WORK REQUIRED: Print the lines below from the line with "Smuk gammel urtepotteskjuler" to the line with "Ảnh 1. Toàn" exactly, keeping both ends, and print no pictures.

MATERIALS PROVIDED:
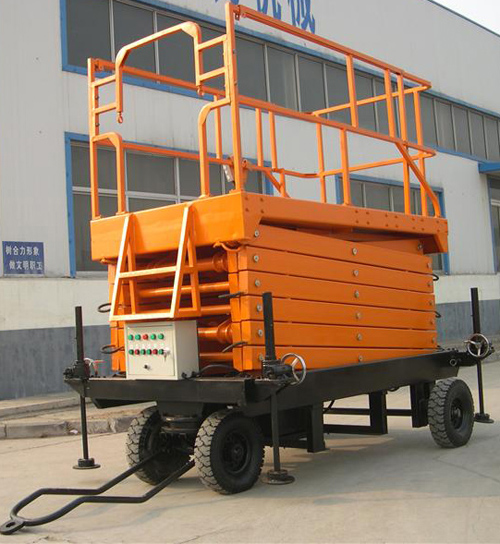 移動剪叉式升降平臺主要技術特點:臺面鋼板折彎、底架及剪叉結構山鋼定做高強度矩形管材; 標準冷彎槽做道軌,使用尼龍滑塊做導軌輪,接觸面大,升降平穩,晃動小;液壓油缸  內置防爆閥(防止油管斷裂,平臺失速下降),采用進口密封圈,經久耐用,不泄露;雙層鋼網高壓油管;升降機專用液壓泵站,加裝應急下降閥,平臺斷電可手動控制 下降,內置溢流閥,可防止上行運動時系統壓力過高,起到超載保護功能;充氣橡膠輪胎;電路電器、接觸器羅列連接,加裝熱過載保護,缺相保護等安全保護功能;電動上、下電動控制,控制按鈕盒加裝急停按鈕,以最大限度保障財產及人身安全,各操作部分使用24V安全控制電壓;軸銷圓鋼配做,調質處理;拋丸、噴砂 除銹處理,除去鋼結構構件表面的銹蝕及焊接飛濺,能使鋼構件表面產生一定程度的凹凸不平的效果,增大粉末的附著力;使用靜電粉末噴涂;涂層外觀質量優異,附著力及機械強度強,色澤亮度高,經久不褪色。
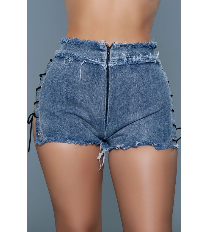 - Description: A real attention getter, yet so sexy and daring! Mid rise denim shorts with tie up side design and button zipper closure.
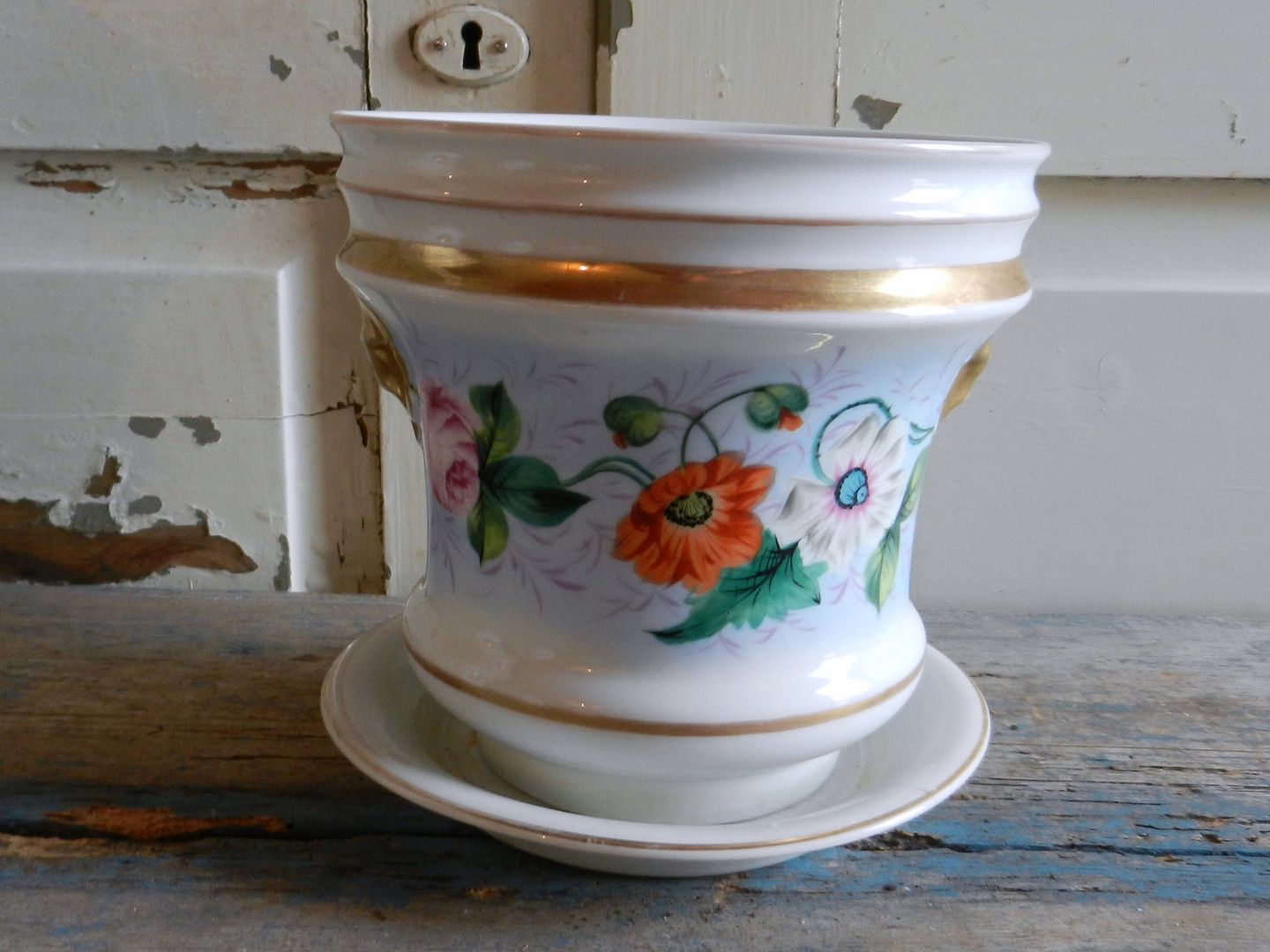 Smuk gammel urtepotteskjuler med håndmalet blomster dekoration
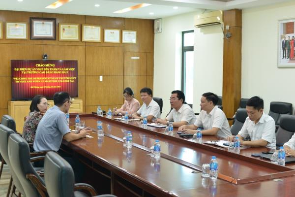 Ảnh 1. Toàn cảnh buổi đón tiếp đoàn đại diện Dự án Nâng cao chất lượng thuyền viên Việt Nam VSUP đến thăm trường
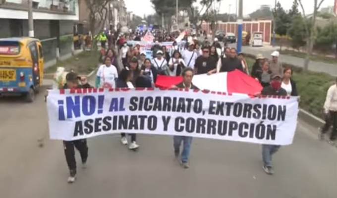La protesta comenzó en el mercado José María Argueda, desde donde los manifestantes, portando pancartas, se dirigieron hacia la municipalidad del distrito, reclamando acciones concretas contra la criminalidad.

REPLY:
 Smuk gammel urtepotteskjuler med håndmalet blomster dekoration
 Ảnh 1. Toàn cảnh buổi đón tiếp đoàn đại diện Dự án Nâng cao chất lượng thuyền viên Việt Nam VSUP đến thăm trường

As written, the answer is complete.